Reference may be made to W.H. Kruesi and P. R. Kruesi, US Patent 5332560, March 5, 1993, wherein it has been described that copper containing material scrap, ore, dust is leached with cupric tetramine sulphate lixiviant and copper
can be recovered from the leachate by electrolysis. This process suffers from drawbacks like use of costly reagent like cupric tetramine sulphate.
Reference may be made to K. S. Gritton, D. K. Steele and J. E. Gebhardt Proc. Int. Symp. Recycling of Metals and Engineerd materials Virginia, USA, Oct. 28-31, 1990, wherein it has been described that copper processing flue dusts is leached with sulphuric acid and refinery bleed solution to solubilize As and Cu. As was recovered from leach liquor as As2O3 by reduction and precipitation using SO2. This process suffers from drawback like extra step is required to eliminate As from the leach liquor.
Reference may be made to R. Hanks, J. Van der Zel, P. chesney and G. B. Harris, Inst. Min. Met., June 1979, pp C99-C106, wherein it has been described that copper reverberatory dusts is leached with sulphuric acid at 80°C and at a pH value of 1.4, a copper extraction of 83% was obtained with an acid consumption of 3kg acid /kg of Cu. The leach solution contained iron and bismuth level too high for direct electrowinning. Copper was precipitated by adding lime to the leached liquor. This process suffers from drawback like the leach solution contains considerable amount of FeandBi.

Reference may be made to W. E. Anable, J. I. Paige and D.C. Paulson, US Bureau of Mines Report Rep. Invest No. 8554, pp 19, 1981, wherein it has been described that cyclone and precipitator dust of copper smelter is treated pyrometallurgically using 110% stoichiometric sulfur and 123% C based on producing a 40% Cu-Fe matte, resulting in recovery of 95% copper contained in the dust. This process suffers from various drawbacks like use of costly sulfur, high temperature operation and pollution.
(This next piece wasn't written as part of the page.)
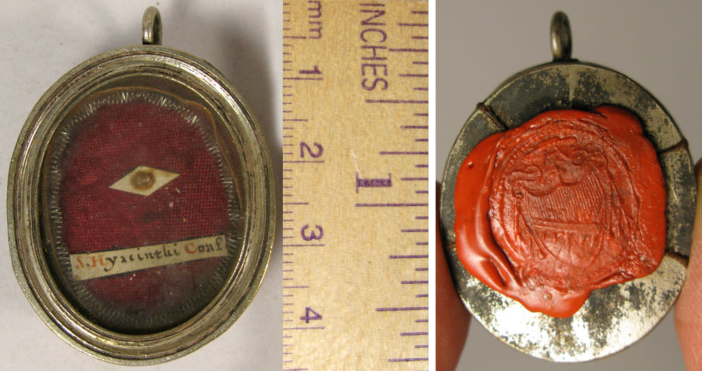 Italian oval glass-fronted silver reliquary theca housing ex ossibus relic of Saint Hyacintha Mariscotti. The relic is identified on a paper cedula as S. Hiacinti Conf, and secured by perfectly preserved seal of red Spanish wax with coat of arms of Luigi Fransoni († 1862) Archbishop of Turin (1832-1862).

Reference may be made to J. Newton and C. L. Wilson, "Metallurgy of copper", J. Wiley & Sons. Inc., London, pp. 244, 1942, wherein it has been described that dust sample is charged back into the smelting circuit. This process suffers from the drawback that it reduces the plant's production capacity.
The main object of the present invention is to provide an improved process for recovery of copper from copper plant dust, which obviates the drawbacks as detailed above.
Another object of the present invention is to provide an improved process of sulphuric acid leaching of roasted copper plant dust, so that the resulting copper sulphate solution could be used directly as electrolyte in the copper electrorefming tank.
In the process of present invention, copper plant dust is roasted prior to
leaching in sulphuric acid.
During roasting all the sulphides are converted to oxides
CuS + 7/2O2 → CuO.CuSO4 + SO2 (1)
CuFeS2 + 13/2 O2 → 2CuO + Fe2 O3 + 4 SO2 (2)
The oxides produced during roasting are easily leachable in sulphuric acid and enhance the copper recovery
CuO + H2S04 → CuSO4 + H2O (3)
CuO. Fe2O3 + 2 H2SO4 →CuSO4 + Fe2 O3 + H2O (4)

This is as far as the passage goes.